Ten percent of total units, or 180 units, will be restricted by covenant for households earning up to 60 percent of the area median income, and 90 units will be reserved for households earning up to 150 percent of the area median income. Currently, the median income for a family of four in San Diego is $95,100.
The percentage of affordable units is greater than what is required by the city’s inclusionary housing laws but less than what is being required of developers proposing to redo the city’s sports arena site in the Midway District.

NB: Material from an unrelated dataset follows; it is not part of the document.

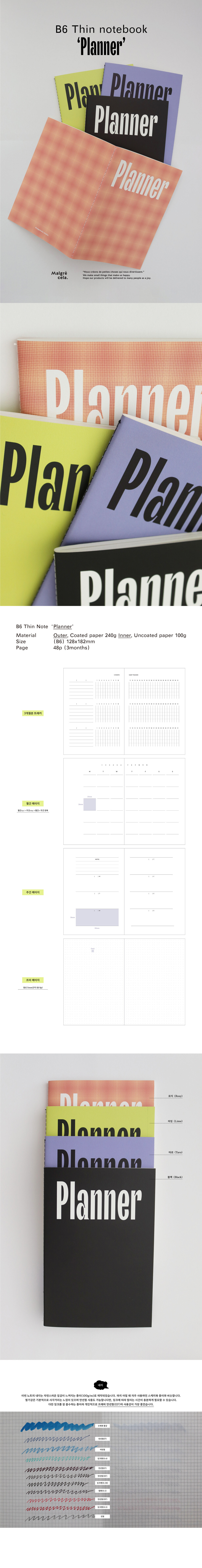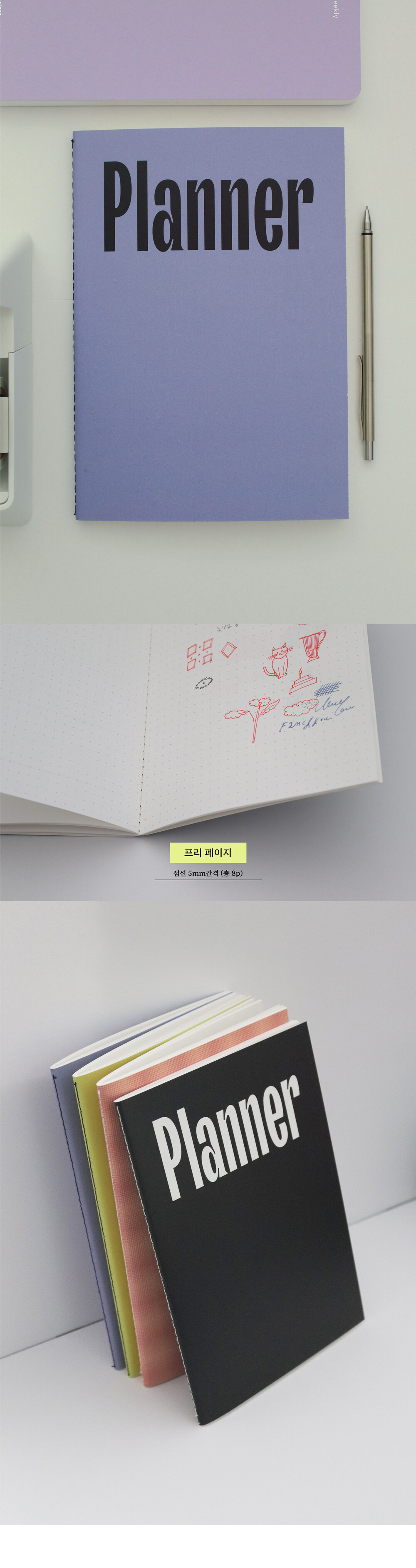 얇고 가벼운 타입의 플래너로 늘 곁에 두고 사용하기에 좋습니다.

“This is a significant number of affordable housing units ... 270 units is larger than what downtown has anywhere else,” Bibler said. “We evaluated the (developer’s financial model) and this is what could pencil without any reduction price (to the purchase price).”
The Tailgate Park transaction has thus far been shielded from the state’s stricter disposition laws for surplus land because the parties were under contract before December 31, 2020. However, the new rules, enforced by the California Department of Housing and Community Development, dictate that the city must close escrow on redevelopment land by the end of the year to remain exempt from the statute.